By Bernhard Grdseloff
 
Ilet Caret, Guadeloupe: day trip to ...
Ilet Caret, Guadeloupe: day trip to ...
 
... paradise: Iguana on Ilet Chancel, Martinique
... paradise: Iguana on Ilet Chancel, Martinique
 
Day trip to Les Saintes: by sailing catamaran
Day trip to Les Saintes: by sailing catamaran
 

The only thing an island explorer needs is a rental car – to drive to the coastal towns and villages. All sorts of boats and ships set sail from there each day en route to the nearby islets in the sea: out in the morning, back in the afternoon. Most of the mini islands lie only a few miles off the coasts of Guadeloupe and Martinique. But they are a world away nonetheless.

On the smaller uninhabited islets, nature has been preserved in her original beauty. The islets are home to populations of rare birds, and sea turtles breed on their beaches. However, the most spectacular of the islets’ inhabitants are the giant iguanas. These primordial creatures are seen most often at Ilet Chancel in the bay of Le Robert in Martinique. A good 400 saurians live there, on a surface barely 2 km long and 850 metres wide.

The islets inhabited by human beings are also preservation areas: for old customs and traditions. In Marie Galante, for example, ox-drawn carts and ploughs are still as common today as they were centuries ago. And the wives of the fishermen in Les Saintes still bake their traditional cakes of love when their men set out to sea.

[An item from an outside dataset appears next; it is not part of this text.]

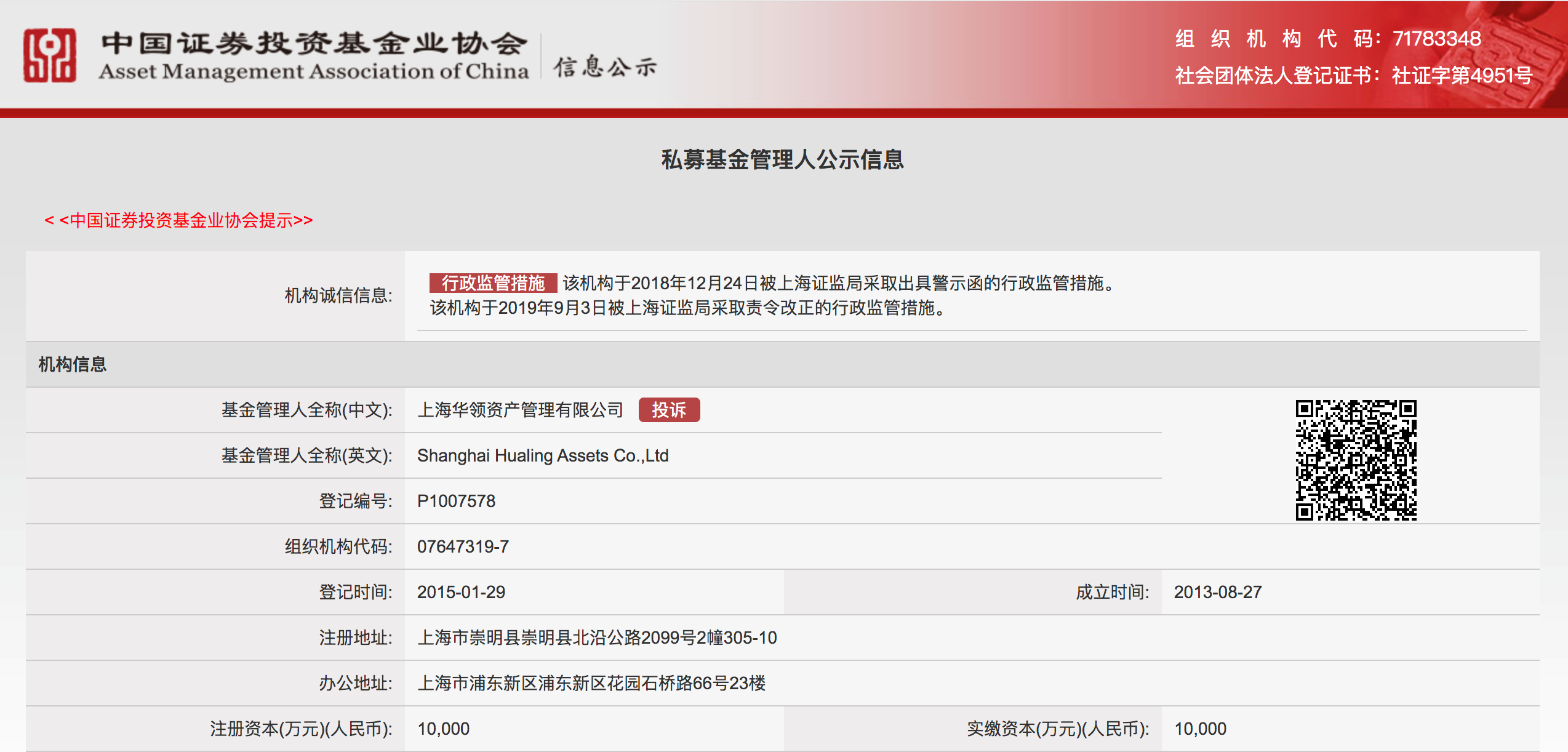 根据中基协官网,华领资产于2018年12月24日和2019年9月3日分别被上海证监局采取出具警示函和采取责令改正的行政监管措施。而根据界面新闻报道,华领资产曾因涉及“阜兴系”私募产品被伤害证监局出具警示函。

The most convenient way for holidaying Robinsons to reach the islets is by taking an express ferry or one of the large catamaran sailboats. Individualists and explorers with a taste for adventure may well find the excursions on fishing boats, canoes or rubber boats more in their line. If visiting one of the larger islets, it makes sense to take a hotel room for a night or two. For, as Gisèle Maisonneuve, the wife of a fisherman in Les Saintes, is convinced: "One can only get a sense of what our life and our islands are really like once the boats with the day-trippers have left for the afternoon!"